Grid Search
Background
SVM’s have parameters which cannot be learned using an optimization method like SGD. Instead, they must be iteratively computed if we wish to solve for the optimal parameters.
A common method for optimizing results for the hyperparameters is a grid search, also known as a parameter sweep. The algorithm uses a performance metric to guide the optimization. The parameter space is unbounded and continuous, thus the bounds and the intervals must be set manually. Setting the parameters correctly can make the difference between a
The parameter space for the SVM grid search we tested included the kernel parameters and slack variables. Thus, in our experiments, we varied the variables C and the variable gamma for the RBF kernel. The grid search algorithm then trains an SVM classifier for every combination of the parameters to produce a surface of varying performance. We expect this surface to be roughly smooth, and thus we can visualize it using an interpolation method, or a heatmap as in our case.
Our Simulation
The data set we used was provided by sklearn.datasets.

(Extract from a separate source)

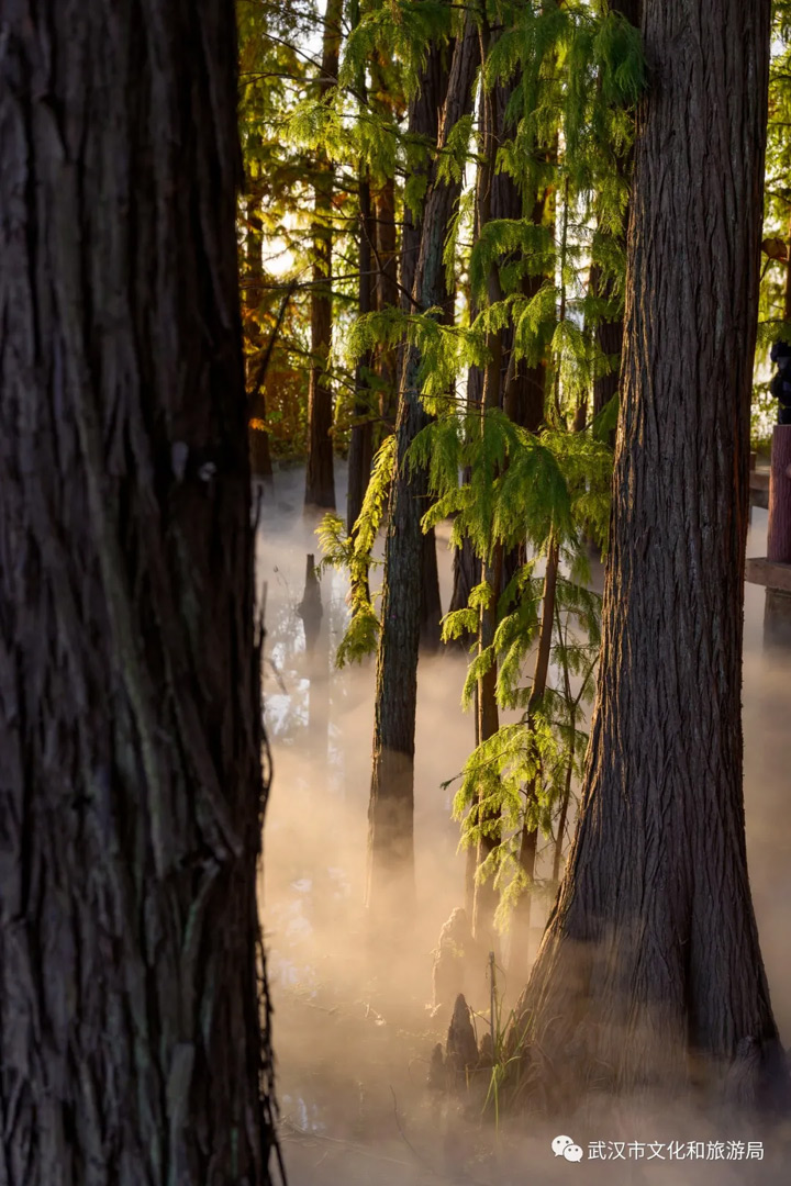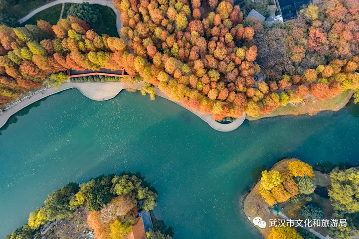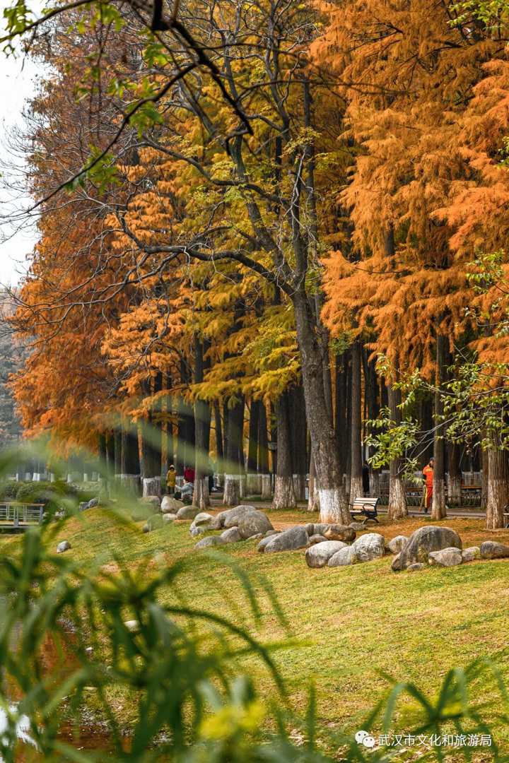 江灘蘆葦爲武漢人下了一場詩經裏的雪,解放公園的池杉給湖泊戴上了紅棕色的珠鏈。

Description below, note that each datapoint is a 8x8 image of a digit.
Classes | 10 |
Samples per class | ~180 |
Samples total | 1797 |
Dimensionality | 64 |
Features | integers 0-16 |
For this example data set we used a 5-Fold Cross Validation to guide which parameters optimize results. The bounds for our search were set based in exponential values about 0 with a base of 10 where 10 values of each were chosen.
We found that gamma performs greatest with smaller gamma and C performs greatest with larger gamma for our specific sample data so we moved the parameters to the range defined by the heat map displayed below. The algorithm decided that the best parameters are {C: 1.0, gamma: 0.001} which scored an accuracy of 99%.